═════ SUPPLIED INFORMATION ═════

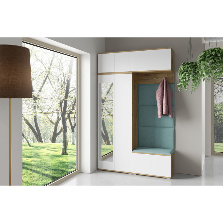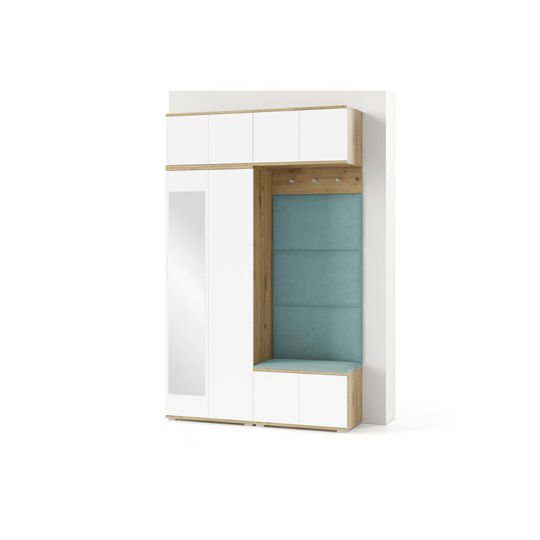 Je to praktický prvok do vstupných priestorov vášho domu. Predsieňová stena obsahuje čalúnené panely, ktoré sa montujú priamo na stenu za pomoci lepidla. Poťah panelov je tkanina Trinity. Predsieňová stena sa skladá z niekoľkých častí. Táto sada obsahuje: 1x šatníková skriňa, 1x nadstavba, 1x závesná skrinka, 1x botník, vešiak, 4 panely.
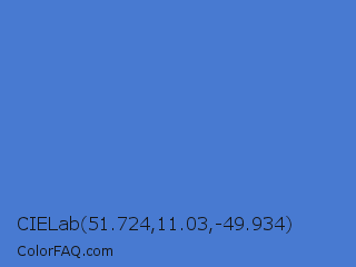 CIELab 51.724,11.03,-49.934 Color is a normal blue color and the nearest color is Han Blue #446ccf. Hex code #487ad1 and RGB value is rgb(72,122,209). In RGB color space, this color is composed of 28% red, 48% green, 82% blue, In CMYK color space, this color is composed of 66% cyan, 42% magenta, 0% yellow , 18% black , In HSL color space, this color has a hue angle of 218° , 60% saturation and 55% lightness.
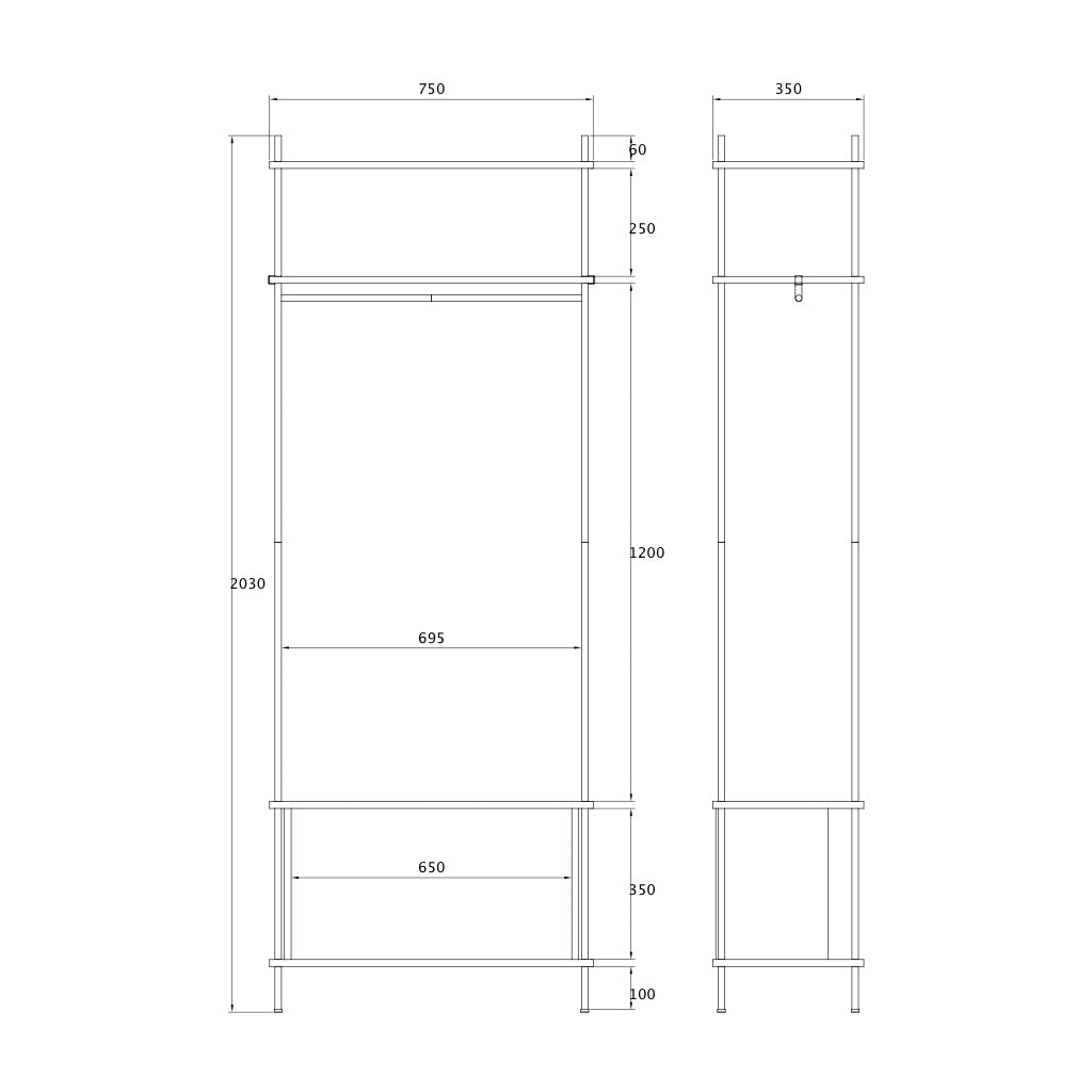 Height: 204 cm, Width: 75 cm, Depth: 35 cm, Weight: 18,2 kg
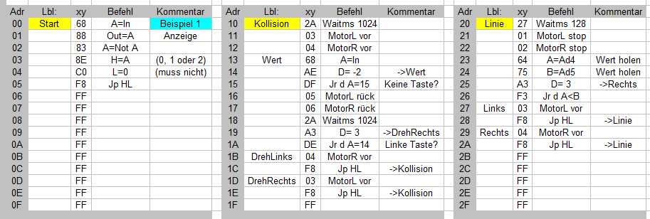 Programmausführung an der Adresse '00'. Außerdem lernt jeder
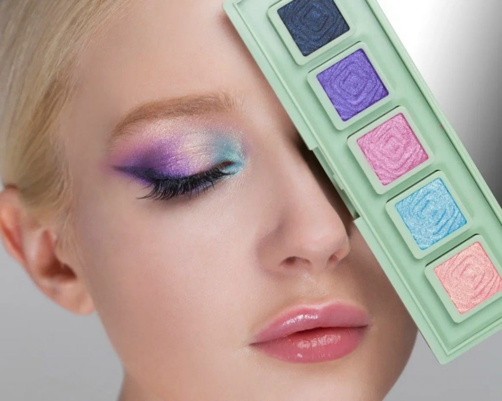 Голубые тени есть у нас в палетке Carnival. Фантазийная палетка сочетает в себе множество ярких и креативных оттенков. Здесь есть сатиновый бирюзово-золотой дуохромный оттенок, который как раз в тренде 2026 года. Все тени размещены в индивидуальных съемных рефилах с системой фиксации, поэтому вы можете составлять персональные наборы и заменять отдельные цвета из разных палитр. У каждого оттенка в палетке отличные пигментация и стойкость, а также способность к растушевке.
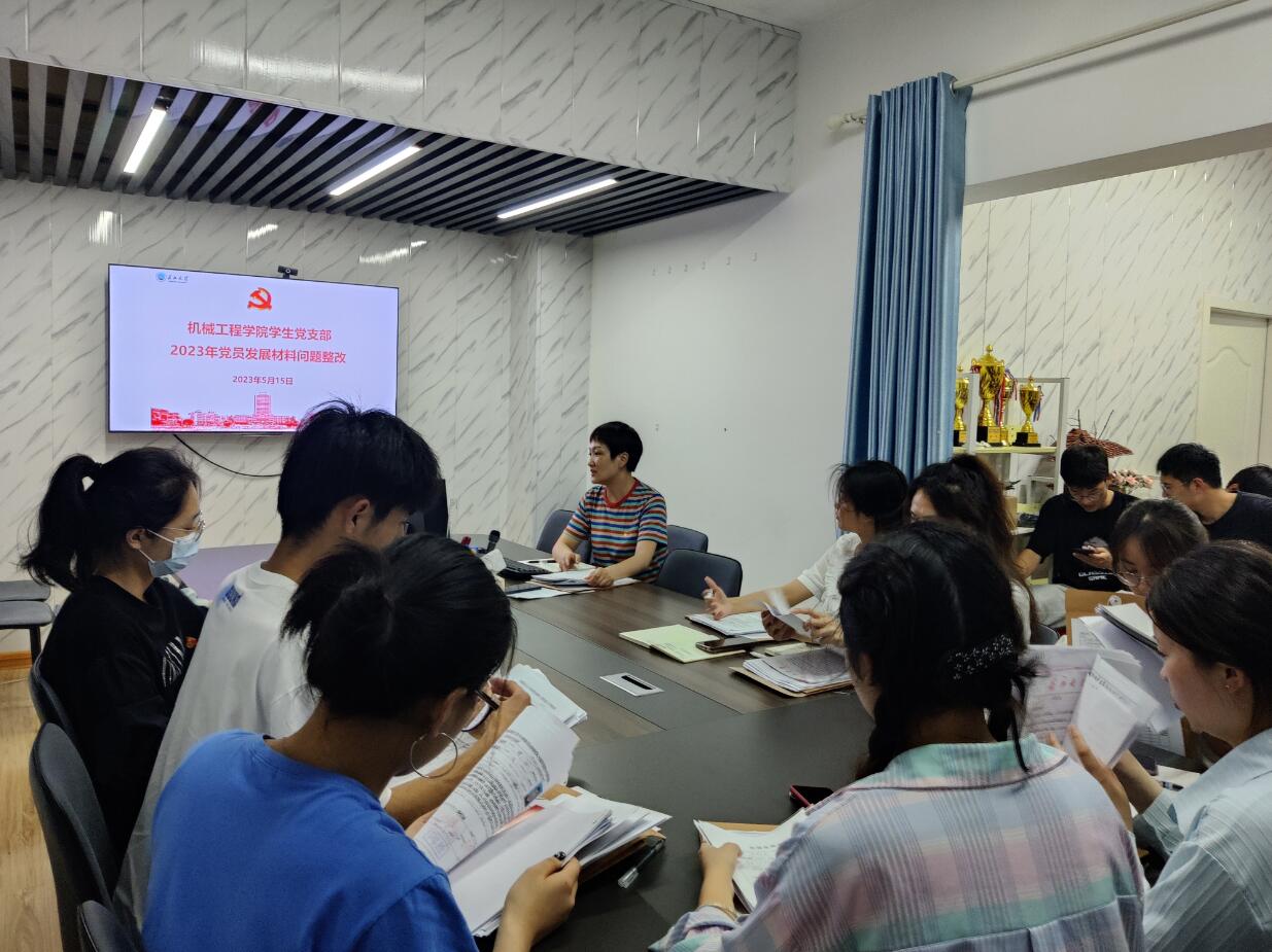 最后,辅导员代荣荣组织全体支委成员开展2023年党员发展材料问题整改工作。
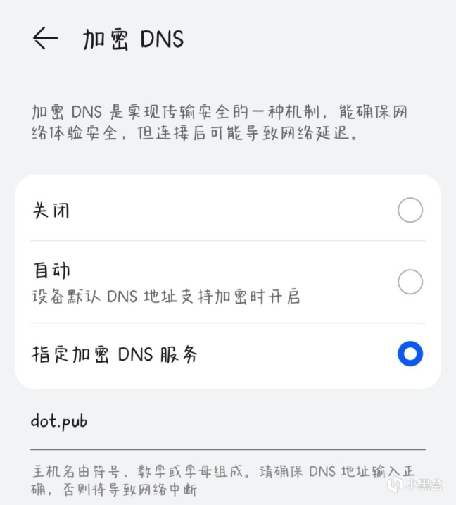 手机端不同的品牌操作方法不同,若只是想指定wifi的DNS,可修改wifi网络IP方式为静态。若是想开启DoH则需要手机支持,如华为手机设置项为加密DNS,如图

═════

WHAT TO DO
All entries above are to be restated exactly, with every image omitted.

RESPONSE AREA
 Je to praktický prvok do vstupných priestorov vášho domu. Predsieňová stena obsahuje čalúnené panely, ktoré sa montujú priamo na stenu za pomoci lepidla. Poťah panelov je tkanina Trinity. Predsieňová stena sa skladá z niekoľkých častí. Táto sada obsahuje: 1x šatníková skriňa, 1x nadstavba, 1x závesná skrinka, 1x botník, vešiak, 4 panely.
 CIELab 51.724,11.03,-49.934 Color is a normal blue color and the nearest color is Han Blue #446ccf. Hex code #487ad1 and RGB value is rgb(72,122,209). In RGB color space, this color is composed of 28% red, 48% green, 82% blue, In CMYK color space, this color is composed of 66% cyan, 42% magenta, 0% yellow , 18% black , In HSL color space, this color has a hue angle of 218° , 60% saturation and 55% lightness.
 Height: 204 cm, Width: 75 cm, Depth: 35 cm, Weight: 18,2 kg
 Programmausführung an der Adresse '00'. Außerdem lernt jeder
 Голубые тени есть у нас в палетке Carnival. Фантазийная палетка сочетает в себе множество ярких и креативных оттенков. Здесь есть сатиновый бирюзово-золотой дуохромный оттенок, который как раз в тренде 2026 года. Все тени размещены в индивидуальных съемных рефилах с системой фиксации, поэтому вы можете составлять персональные наборы и заменять отдельные цвета из разных палитр. У каждого оттенка в палетке отличные пигментация и стойкость, а также способность к растушевке.
 最后,辅导员代荣荣组织全体支委成员开展2023年党员发展材料问题整改工作。
 手机端不同的品牌操作方法不同,若只是想指定wifi的DNS,可修改wifi网络IP方式为静态。若是想开启DoH则需要手机支持,如华为手机设置项为加密DNS,如图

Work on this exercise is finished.